■ Exercise objective
Only the lines below from the one containing "- China had" through the one containing "Bucurați-vă de confort" belong in the answer, repeated exactly and without pictures.

** Data records follows **

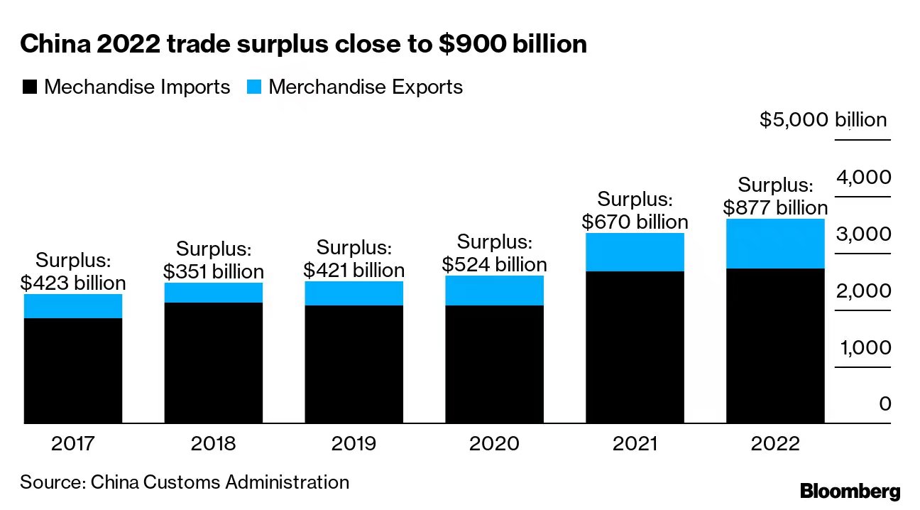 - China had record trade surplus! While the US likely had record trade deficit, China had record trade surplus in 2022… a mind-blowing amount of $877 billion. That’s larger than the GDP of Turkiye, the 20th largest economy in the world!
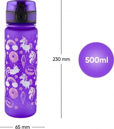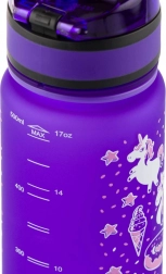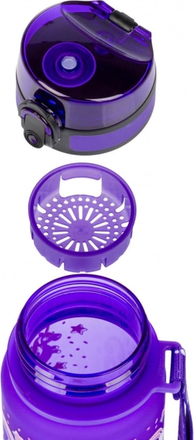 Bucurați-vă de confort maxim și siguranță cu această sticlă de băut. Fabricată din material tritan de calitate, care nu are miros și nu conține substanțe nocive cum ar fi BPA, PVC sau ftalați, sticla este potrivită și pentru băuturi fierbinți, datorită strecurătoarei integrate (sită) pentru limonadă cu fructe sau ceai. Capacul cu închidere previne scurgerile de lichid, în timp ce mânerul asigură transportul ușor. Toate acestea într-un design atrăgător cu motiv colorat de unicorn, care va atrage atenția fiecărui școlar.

** End of Data records **
** Data records follows **

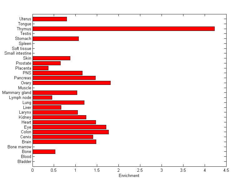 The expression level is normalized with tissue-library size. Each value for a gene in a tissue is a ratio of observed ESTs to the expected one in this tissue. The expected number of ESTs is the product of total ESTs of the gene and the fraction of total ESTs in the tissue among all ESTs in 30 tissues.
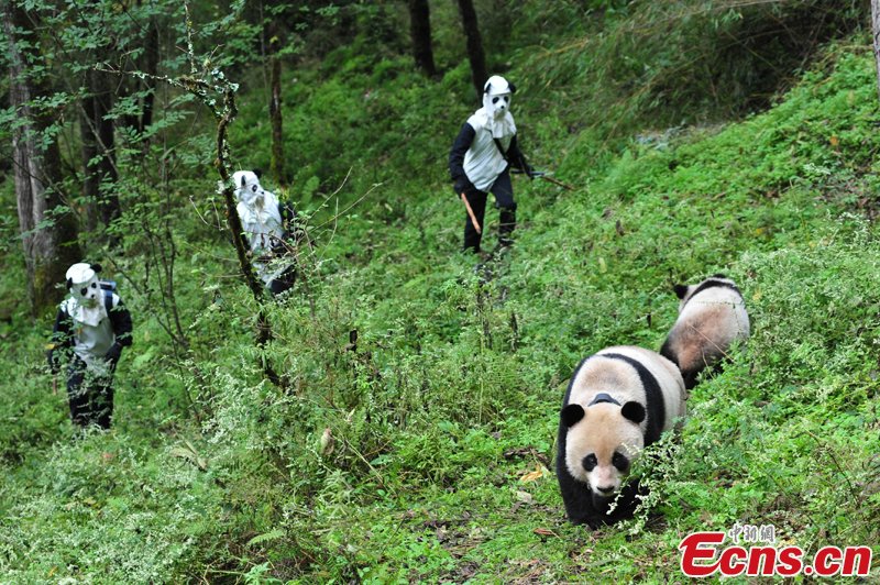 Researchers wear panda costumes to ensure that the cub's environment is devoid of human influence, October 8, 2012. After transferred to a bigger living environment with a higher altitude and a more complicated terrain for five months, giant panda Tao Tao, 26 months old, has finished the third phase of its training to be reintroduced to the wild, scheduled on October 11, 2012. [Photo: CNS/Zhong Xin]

** End of Data records **

■ Answer box
 - China had record trade surplus! While the US likely had record trade deficit, China had record trade surplus in 2022… a mind-blowing amount of $877 billion. That’s larger than the GDP of Turkiye, the 20th largest economy in the world!
 Bucurați-vă de confort maxim și siguranță cu această sticlă de băut. Fabricată din material tritan de calitate, care nu are miros și nu conține substanțe nocive cum ar fi BPA, PVC sau ftalați, sticla este potrivită și pentru băuturi fierbinți, datorită strecurătoarei integrate (sită) pentru limonadă cu fructe sau ceai. Capacul cu închidere previne scurgerile de lichid, în timp ce mânerul asigură transportul ușor. Toate acestea într-un design atrăgător cu motiv colorat de unicorn, care va atrage atenția fiecărui școlar.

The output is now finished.